*Your objective*:
Begin with the first line below and retype each line exactly through the line containing "This panel describes". Any pictures are to be left out.

Dataset excerpts:
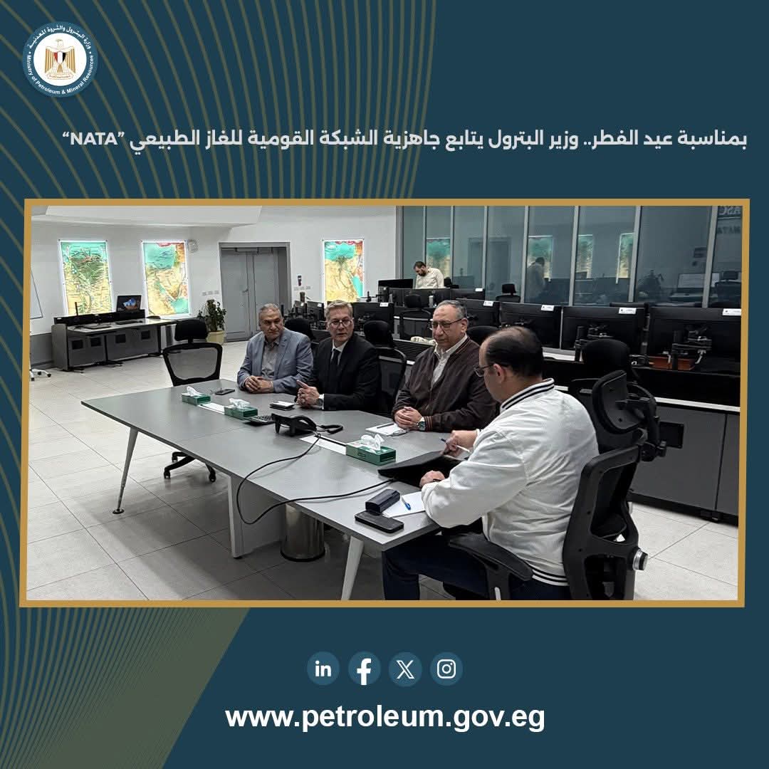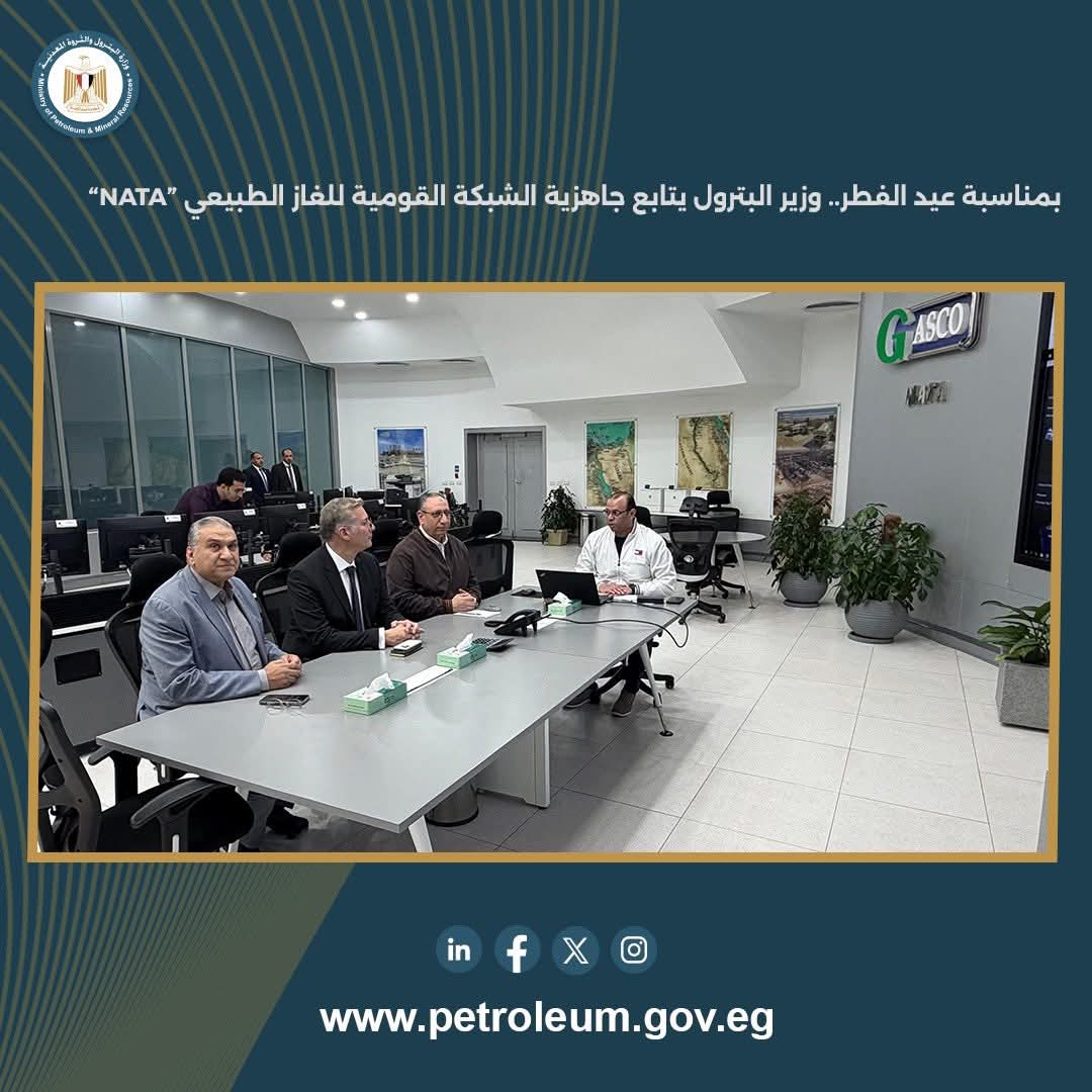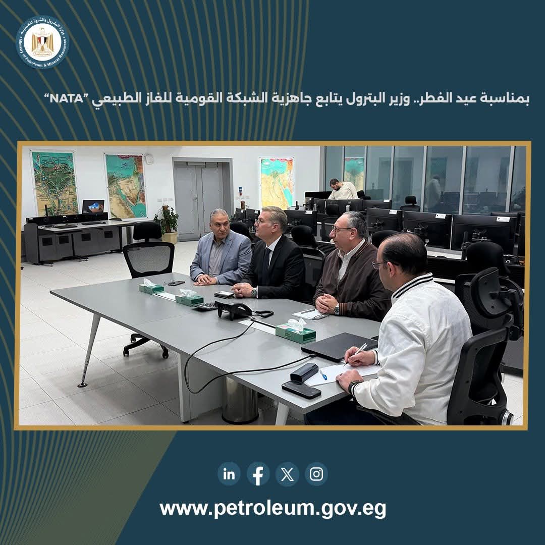 بمناسبة عيد الفطر، تابع المهندس كريم بدوي وزير البترول والثروة المعدنية، جاهزية الشبكة القومية للغاز الطبيعي “NATA”.
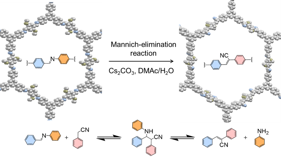 In a recent study published in Nature Chemistry, an international team of researchers has developed a new synthetic methodology, Mannich-elimination, towards single-crystalline two-dimensional poly(arylene vinylene) covalent organic frameworks. This work also showcases the synthesis of eleven highly crystalline 2D PAVs derived from corresponding 2D imine-COF (or 2D polyimine) precursors. Theoretical calculations and model reactions elucidate the reversible C=C bond formation driven by the Mannich-elimination reaction mechanism and its feasibility for developing crystalline 2D PAVs, further demonstrated crystallinity has a large impact on the charge transport properties, as exemplified by benzotrithiophene-based honeycomb 2D PAVs exhibiting charge mobilities 10 times greater than the amorphous 2D PAVs or their 2D polyimine counterparts.
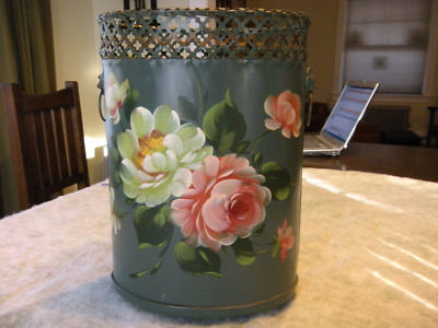 Title (ebay affiliate link): French Cottage Chic Vintage Toleware Trash Can Waste Basket Shabby Lion Heads
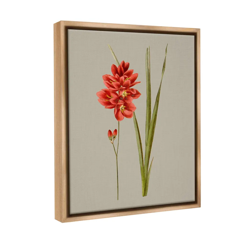 Stupell Red Traditional Botanical Framed Floater Canvas Wall Art Design By Vision Studio - 17 X 21 - Brown
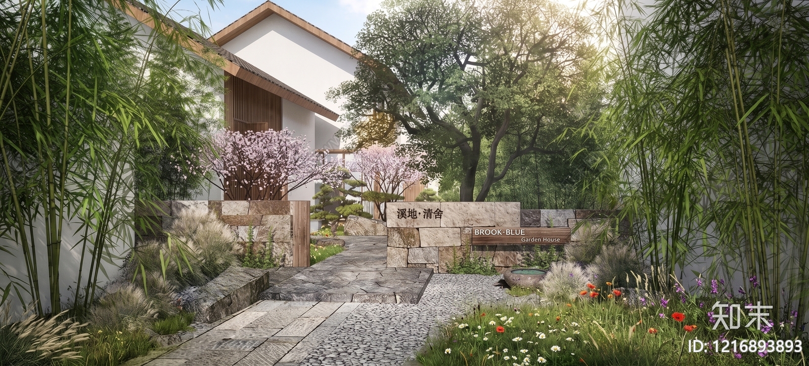 新中式别墅庭院 民宿入口 民宿庭院 庭院景观 石墙 院子入口
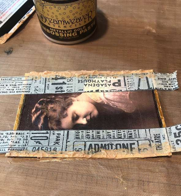 | Embossing paste dries a pretty antique gold color |
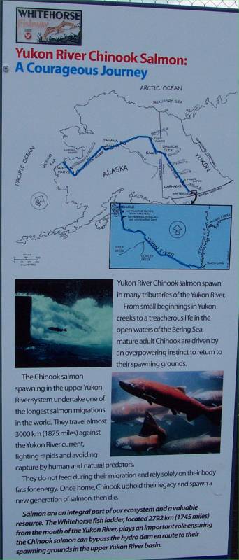 This panel describes how the salmon get up the fish ladder. |
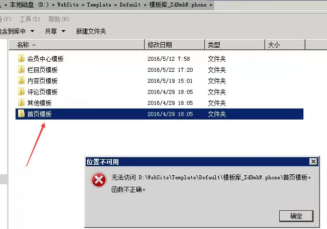 网站后台打开手机模板页面报黄页错误:函数不正确
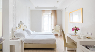 The Superior room offers you the choice between a king-size bed or twin beds, enveloped in a chic atmosphere thanks to noble materials such as marble and velvet. Every detail of decoration is carefully chosen to create an elegant atmosphere.
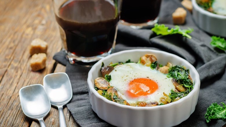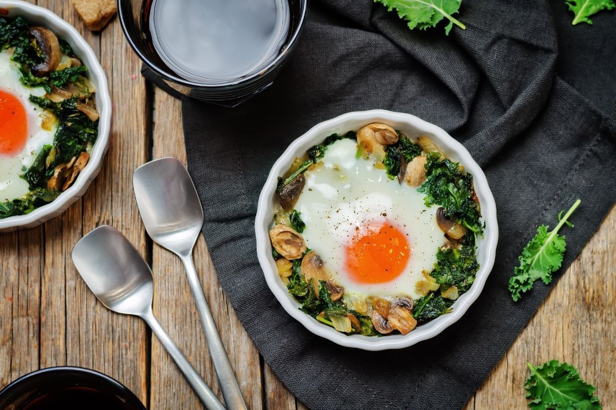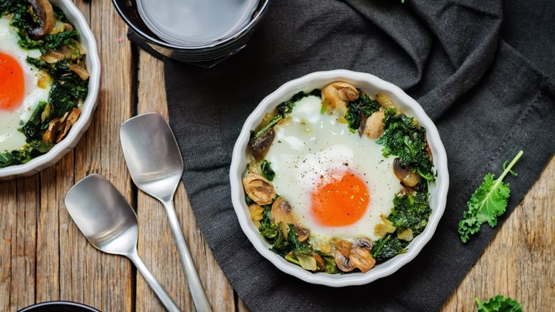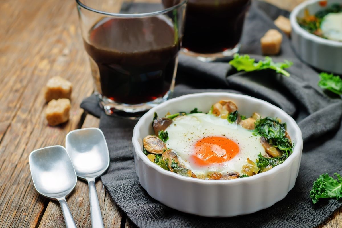 SASTOJCI: - oko 200g gljiva po izboru (najbolje šampinjoni) - 1 češanj češnjaka - 1 žlica maslinova ulja - 160g kelja - 4 jaja - sol - papar

*Answer section*:
 بمناسبة عيد الفطر، تابع المهندس كريم بدوي وزير البترول والثروة المعدنية، جاهزية الشبكة القومية للغاز الطبيعي “NATA”.
 In a recent study published in Nature Chemistry, an international team of researchers has developed a new synthetic methodology, Mannich-elimination, towards single-crystalline two-dimensional poly(arylene vinylene) covalent organic frameworks. This work also showcases the synthesis of eleven highly crystalline 2D PAVs derived from corresponding 2D imine-COF (or 2D polyimine) precursors. Theoretical calculations and model reactions elucidate the reversible C=C bond formation driven by the Mannich-elimination reaction mechanism and its feasibility for developing crystalline 2D PAVs, further demonstrated crystallinity has a large impact on the charge transport properties, as exemplified by benzotrithiophene-based honeycomb 2D PAVs exhibiting charge mobilities 10 times greater than the amorphous 2D PAVs or their 2D polyimine counterparts.
 Title (ebay affiliate link): French Cottage Chic Vintage Toleware Trash Can Waste Basket Shabby Lion Heads
 Stupell Red Traditional Botanical Framed Floater Canvas Wall Art Design By Vision Studio - 17 X 21 - Brown
 新中式别墅庭院 民宿入口 民宿庭院 庭院景观 石墙 院子入口
 | Embossing paste dries a pretty antique gold color |
 This panel describes how the salmon get up the fish ladder. |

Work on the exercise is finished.